Tuesday 23 October 2012

The Tax Gatherer (Part Two)



So they took the initiative. They began to meet the remaining nobles, to gather information, to plot, to build numbers and supplies, arrange rendezvous’ and highlight places of importance. Time passed, and the time for them to move was growing closer.
It was as their plans were being finalised that the invitation had arrived.
‘Edward, enthroned king of the English, anointed by God himself and the Holy Trinity to carry out his work, and defend the heavenly name of Christ, hereby invites the house of Bamburgh to partake in the Christmas feast and festivities annually held by his most gracious majesty, for the benefit of his subjects, at his humble hall, in thanks and remembrance to the ruler of Heaven, and the celebration of his birth.’
Osulf immediately sensed something was wrong. When asked to witness charters by the King, he and his uncle were omitted from the official records, as if they never were. The reason being Edward merely demonstrated his power over the north. They had never however, been asked to attend his Christmas feast. To do so would imply that the house of Bamburgh was in the King’s favour, yet they had partaken in no such action to warrant such favour.
The question remained then, what did Edward want from them?
And what would be his price?

It was decided. As the eldest member Osulf’s uncle would represent the family and go south. Osulf would stay, await his return and continue to rally support for their cause. Tostig’s deputy was one of their chief obstacles in this instance, Copsig he was called, and his spy network was surprisingly developed. He had fingers in many pies, and most of the disappearances led back to him, and ultimately to his master. It was on this journey south that his uncle gifted Osulf with Ceolwærc. He’d accompanied the seax with his parting words, ‘Make sure no one stabs you in the back with one.’

The news of his murder reached Bamburgh a few weeks later.

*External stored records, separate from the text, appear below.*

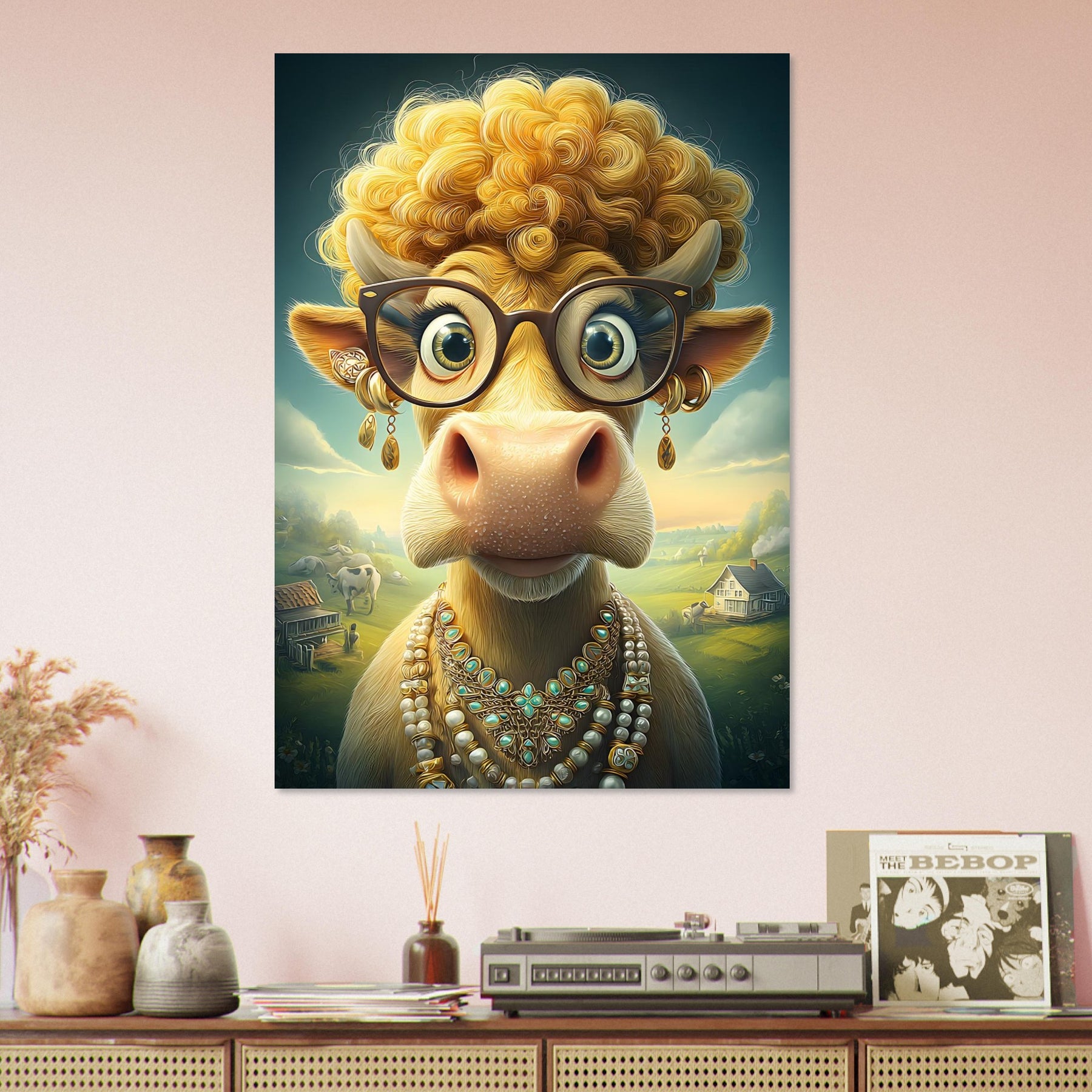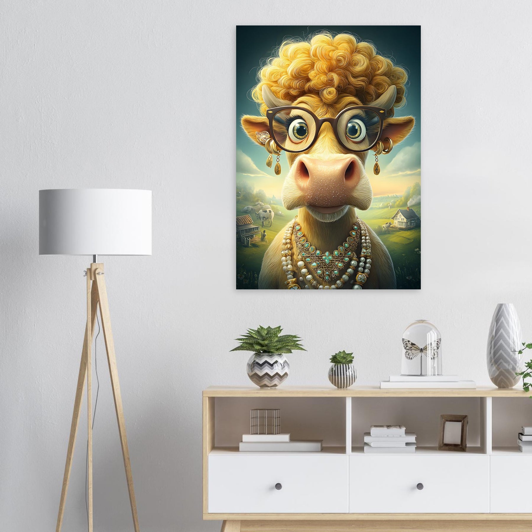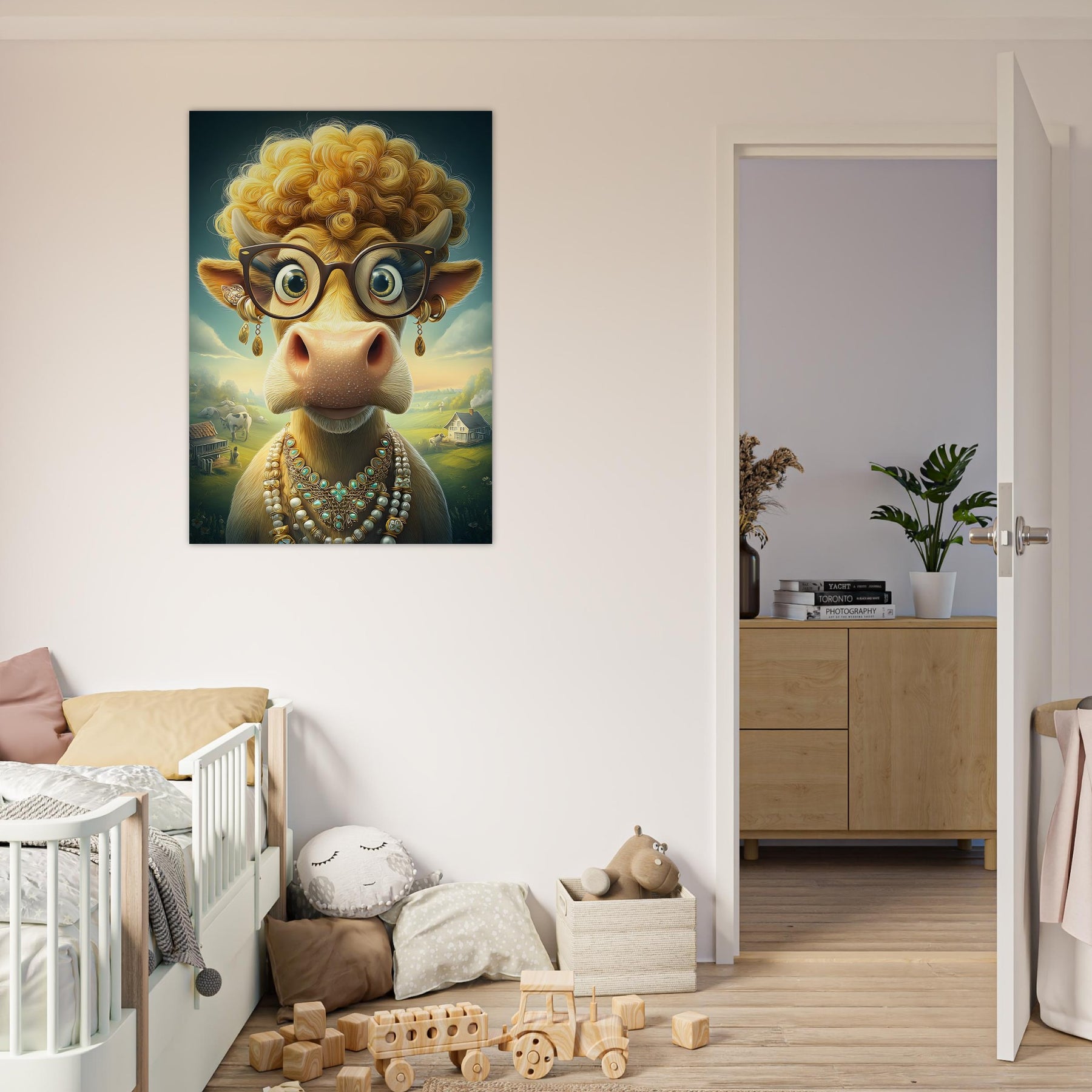 Add a dash of humor and high style to your child’s room with the Pasture Chic Aluminum Wall Art. This delightful and whimsical illustration features a fashionable cow with a curly golden hairstyle, oversized glasses, and sparkling jewelry, all set against a serene pastoral backdrop. Bursting with personality and playful sophistication, this artwork blends countryside charm with modern flair — a true conversation piece for young art lovers.
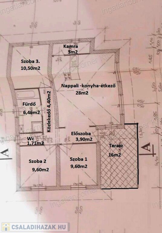 -Konyhából elérhető ablakos KAMRA HELYISÉG (3m2), amely méretének köszönhetően nem csak élelmiszer tárolására, hanem a szárítógép elhelyezésére is alkalmas.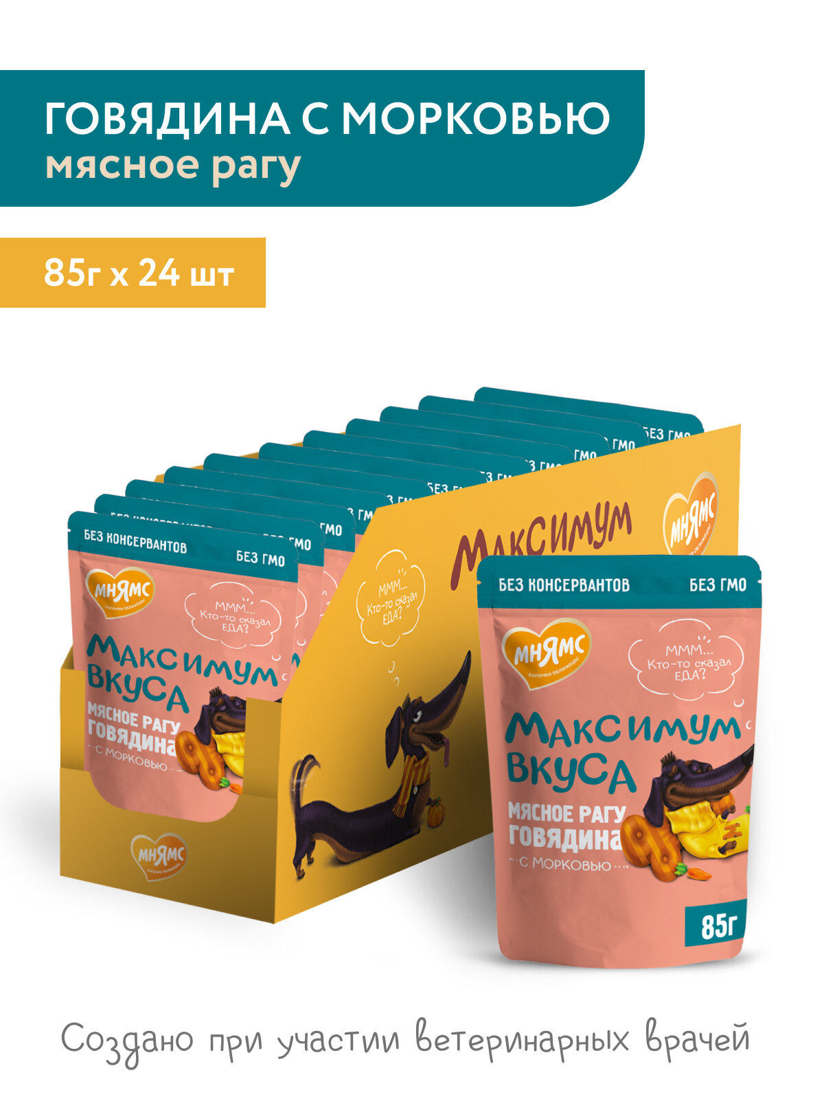 Мнямс «Максимум вкуса» пауч для собак мясное рагу говядина с морковью 85гр (Упаковка 24шт): сравнение цен, характеристики, фото, актуальное наличие и цены.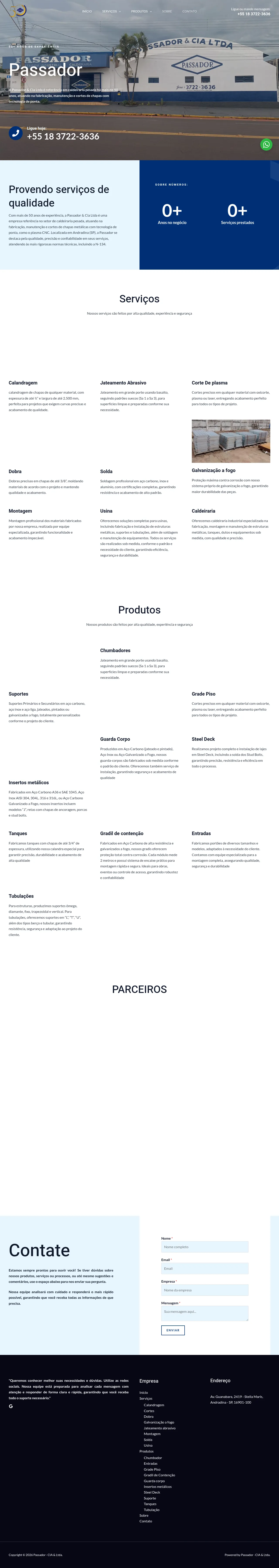 Passador is an industrial manufacturer with over 50 years of experience specializing in heavy boiler making, structural steel fabrication, and maintenance. The company provides custom-engineered solutions for the industrial and power plant sectors, including the production of tanks, piping, metallic structures, and specialized hardware. Its core capabilities encompass sheet metal processing, precision cutting, welding, and surface treatments, including industrial galvanization. By utilizing advanced technology and a skilled workforce, the firm ensures that all products meet high standards for safety, durability, and project-specific requirements. The company emphasizes a client-focused approach, delivering tailored fabrication and installation services to ensure operational efficiency.

In the King’s court, at Tostig’s bidding he had been put to death. Osulf mourned his loss greatly. His uncle had been such a commanding figure throughout his life, and the news of his death left him hollow. He suppressed the grief though, and it waited like a worm inside of him, gnawing its way through his mind and waiting to erupt in the future. Morcar, son of ᴁlfgar of Mercia, was contacted, told he could be earl of Northumbria, that when it came the rebellion would champion him as Tostig’s successor, on the condition that once in power he restored Osulf to his ancestral powers.
It was agreed.
The rebels moved quickly and little blood was split. Tostig fled, his brother Harold negotiated, and Tostig was banished. It was done.
But then the Bastard came.

After Harold’s death the grief for his family, which had been building for over a year, overwhelmed Osulf. He had respected Harold, supported him, and his loss was a crushing blow to England. All of Osulf’s fears and sorrows assaulted him, his mind, his body, his senses. Before dawn, he wept.

In his mourning state no wonder Copsig had surprised him. Siding with and appointed by the bastard, he continued to oppress the North, to make them suffer. Suffer for an unkown crime, out of an unexplainable hatred. He had driven Osulf to the hills and to the forests, a hunted man. Then Osulf had known hunger. He became intimate with desperation, and the burning whispers of revenge flitted into his ears each night, burned in his heart each day, and drove him forward.

It had not been hard to gather troops. The Northumbrians hated Copsig as much as they hated the Bastard. He was his symbol in the North, his eyes, ears and fist; even members of Copsig’s retinue defected for his treachery, his support for the Norman.
Numbers grew, and so too did Osulf’s skirmishes. Both and his men lived in the forests and ambushed Copsig’s men. They’d kill all but one, sparing one from each group they slaughtered but not his hands, so he could return like a beaten dog and tell his master that Osulf of Bamburgh was alive, and he was coming for his head. The maimed man would forever be a symbol of his mercy.

Osulf’s men grew more confident by the day. They still slept under the stars with the animals, they still woke up with dew on their cloaks and their clothing sodden and muddy, their bellies rumbling, their bones aching with cold, and they knew only the life of the hunted; but the time had come for them to attack the predator, and blind the Bastard’s northern face. After a month of living like a bandit in his own ancestral lands, Osulf was ready to confront the tax-gatherer.